+++ Information provided

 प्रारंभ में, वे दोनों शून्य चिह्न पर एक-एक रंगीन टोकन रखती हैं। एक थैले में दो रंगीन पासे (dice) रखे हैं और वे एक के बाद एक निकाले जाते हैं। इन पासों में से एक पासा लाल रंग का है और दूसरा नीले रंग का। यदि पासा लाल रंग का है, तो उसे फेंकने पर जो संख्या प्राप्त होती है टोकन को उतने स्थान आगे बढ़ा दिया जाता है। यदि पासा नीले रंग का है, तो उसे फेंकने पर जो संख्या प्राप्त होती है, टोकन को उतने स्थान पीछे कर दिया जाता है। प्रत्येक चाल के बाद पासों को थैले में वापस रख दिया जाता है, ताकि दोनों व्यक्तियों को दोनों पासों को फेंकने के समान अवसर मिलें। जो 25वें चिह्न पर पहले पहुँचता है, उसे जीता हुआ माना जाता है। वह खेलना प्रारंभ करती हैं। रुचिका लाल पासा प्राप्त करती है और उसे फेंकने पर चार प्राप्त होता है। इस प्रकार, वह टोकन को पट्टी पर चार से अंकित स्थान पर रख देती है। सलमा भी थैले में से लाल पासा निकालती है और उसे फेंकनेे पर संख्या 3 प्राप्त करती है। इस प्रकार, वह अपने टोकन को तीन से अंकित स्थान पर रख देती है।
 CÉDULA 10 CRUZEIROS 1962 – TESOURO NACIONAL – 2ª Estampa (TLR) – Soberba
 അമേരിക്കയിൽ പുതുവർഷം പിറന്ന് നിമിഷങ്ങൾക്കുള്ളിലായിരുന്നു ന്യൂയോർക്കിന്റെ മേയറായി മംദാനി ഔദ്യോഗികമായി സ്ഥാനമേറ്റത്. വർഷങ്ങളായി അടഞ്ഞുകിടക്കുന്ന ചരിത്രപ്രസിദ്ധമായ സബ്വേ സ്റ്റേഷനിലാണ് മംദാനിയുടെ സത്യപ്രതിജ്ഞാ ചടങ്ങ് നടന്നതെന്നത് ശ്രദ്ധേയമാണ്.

++++++

Restate the tail of the listing word for word, beginning at the line containing "CÉDULA 10 CRUZEIROS".

 CÉDULA 10 CRUZEIROS 1962 – TESOURO NACIONAL – 2ª Estampa (TLR) – Soberba
 അമേരിക്കയിൽ പുതുവർഷം പിറന്ന് നിമിഷങ്ങൾക്കുള്ളിലായിരുന്നു ന്യൂയോർക്കിന്റെ മേയറായി മംദാനി ഔദ്യോഗികമായി സ്ഥാനമേറ്റത്. വർഷങ്ങളായി അടഞ്ഞുകിടക്കുന്ന ചരിത്രപ്രസിദ്ധമായ സബ്വേ സ്റ്റേഷനിലാണ് മംദാനിയുടെ സത്യപ്രതിജ്ഞാ ചടങ്ങ് നടന്നതെന്നത് ശ്രദ്ധേയമാണ്.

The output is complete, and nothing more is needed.